Since the prison was located right in Huntsville, he was able to walk the short distance to the city center in just a few minutes. Matt decided he was going to treat himself to an alcoholic beverage. He found what he assumed was a bar since it had neon signs in the windows advertising many kinds of beers. Above the door was the name, The Manhole.

He walked out of the hot, Texas, sun into the cool, stank, darkness of the tavern. He waited a minute for his eyes to adjust to the gloom and then ambled up to the bar and took a seat on a stool.

The bartender asked, "what'll it be, handsome?" Pretty friendly place, Matt thought.

"I don't know. What do you recommend?" he answered, smiling.

"You look like an appletini kind of guy."

"OK, I'll try one."

"Make that two" a voice two stools over said as he slithered onto the stool next to Matt.

As the drinks were delivered, the intoxicated man introduced himself, "I am Adam." He rubbed Matt's thigh as he spoke.

Adam leaned over and whispered something into Matt's ear as his hand moved up to his crotch. Matt experienced a Deja Vu from ten years ago. The same words, fetid breath, and wiener-touching.

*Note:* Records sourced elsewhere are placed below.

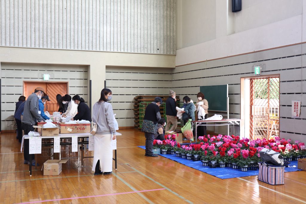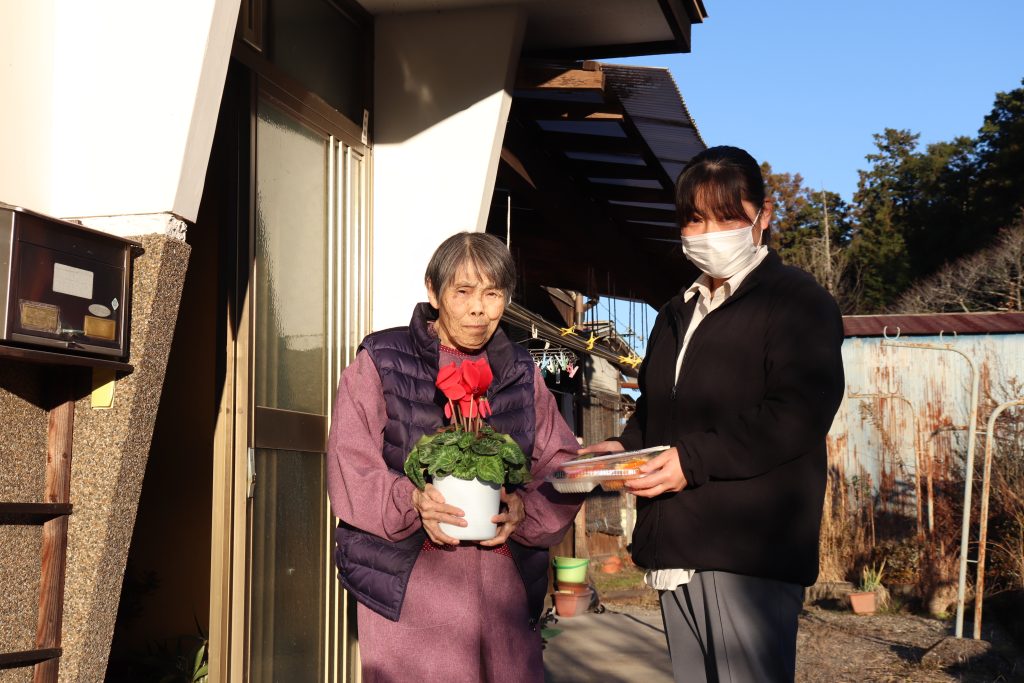 民生委員さんと地域福祉推進委員さんが、70歳以上のひとり暮らしの方へ「ちらし寿司弁当」と、阿木高校の生徒さんが心を込めて育てたシクラメンの鉢植えをお届けしました。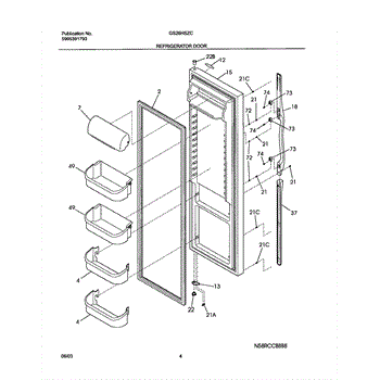 White outer door panel for refrigerator. Replaces cracked, dented, or discolored exterior door surface. Complete assembly installs on front of door.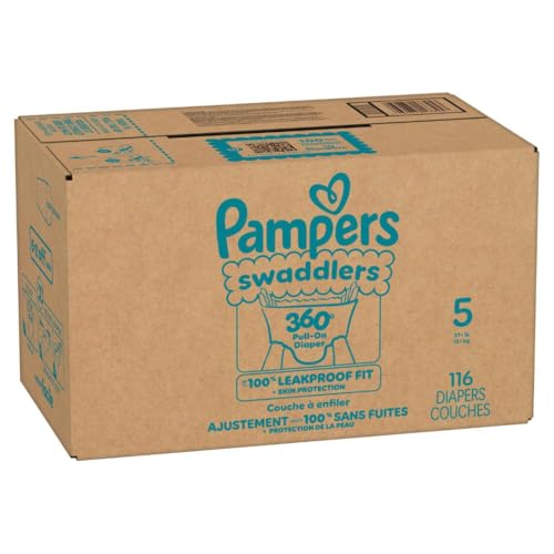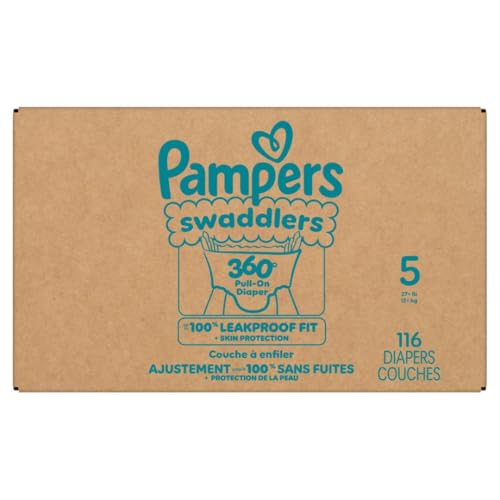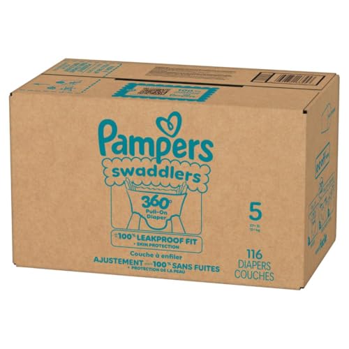 The Pampers Swaddlers 360° comfy, dry protection you know and love just got updated—with E-Z Off tabs for even easier changes. Featuring ultrasoft absorbent layers and Dual-Leak Guard Barriers that help protect where leaks happen most, these diapers provide up to 100% leakproof skin protection for your little one! From the #1 Pediatrician Recommended Brand*, Pampers Swaddlers 360° are designed to support your toddler’s movement from crawling age to standing age with a 360-degree stretchy waistband. The new EZ-off tabs make changes stress-free and mess-free—whether your little one is lying down or standing up—just tab off, wrap up, and pull on a fresh diaper pant. Swaddlers 360° toddler diapers offer trusted protection you can count on: they’re hypoallergenic, dermatologically tested, and free of parabens and latex. Plus, Dual LeakGuard Barriers and a blowout barrier help prevent up to 100% of leaks—even blowouts! To find your baby’s ideal Comfy Dry Fit, just measure by weight and reference our available baby diaper sizes: • Size 3 diapers (16–28 lbs.) • Size 4 diapers (22–37 lbs.) • Size 5 diapers (27+ lbs.) • Size 6 diapers (35+ lbs.) • Size 7 diapers (41+ lbs.) Pair Pampers Swaddlers 360° with Pampers Sensitive Baby Wipes to help make changes quick, easy, and gentle on your baby’s skin. *Based on 2021 survey of U.S. and Canadian pediatriciansSwaddlers 360° pull on diapers offer our best skin protection for your baby! The waistband stretches comfortably around your baby's waist and adapts to their every move for a soft and comfy fit — no tape needed.

Matt put his hands over Adam's ears and with minimum effort, snapped his neck. The man slumped and quietly slid off the stool to the floor. Matt drank down his appletini, savoring the tart flavor as it burnt a trail down his throat. He had no idea how much the drink cost, so he just laid all his money on the bar, told the bartender thanks, picked up his duffel bag, and walked back home. The bitter taste of his hour of freedom still on his lips.


orionsbow said...

Rick, very dark. I don't know whether I like dark from you. But that's the whole point right? It's exploration. I guess I could draw some conclusions from your choice of terms and almost flippant treatment of a very macabre situation but I'd be wrong right? Are you drawing inspiration from recent events? I suppose, but the angle is...unexpected if anything. I'll have to mull this a bit. As always, entertaining ...but disturbing.

PRW said...

I liked it very much. You can write all kinds of ways and I think you are fantastic.

Anonymous said...

Stop terminating your characters ability to move on to a new set of circumstances. The story can continue if the main character is still free to create. This was good and very believable. I can imagine if he was still out there tormenting the police force.

#1 Fan said...

Excellent job , as usual...somewhat different but very well written and thought provoking...keep em coming I enjoy all you write...

Nadja said...

Sad story, of course it kept me interested until the end, as usual. It would have been nice as Anonymous stated, to keep the story open. I would very much have enjoyed reading more...

Anonymous said...

This is awesome and just reiterates that you should right a book. Though I respect the opinions of others, I'm not sure why it is said to leave the story open. The main character did not die. It isn't a definitive ending. Really great read! Shawshank Redemption/Sleepers which are two fantastic movies.

Anonymous said...

Woops. That last anonymous was me.
Love you Carly

Go Figure said...

MBW: Your prescription is in the mail and legal representation is now open to you! I hope you have a wonderful Christmas! Best regards.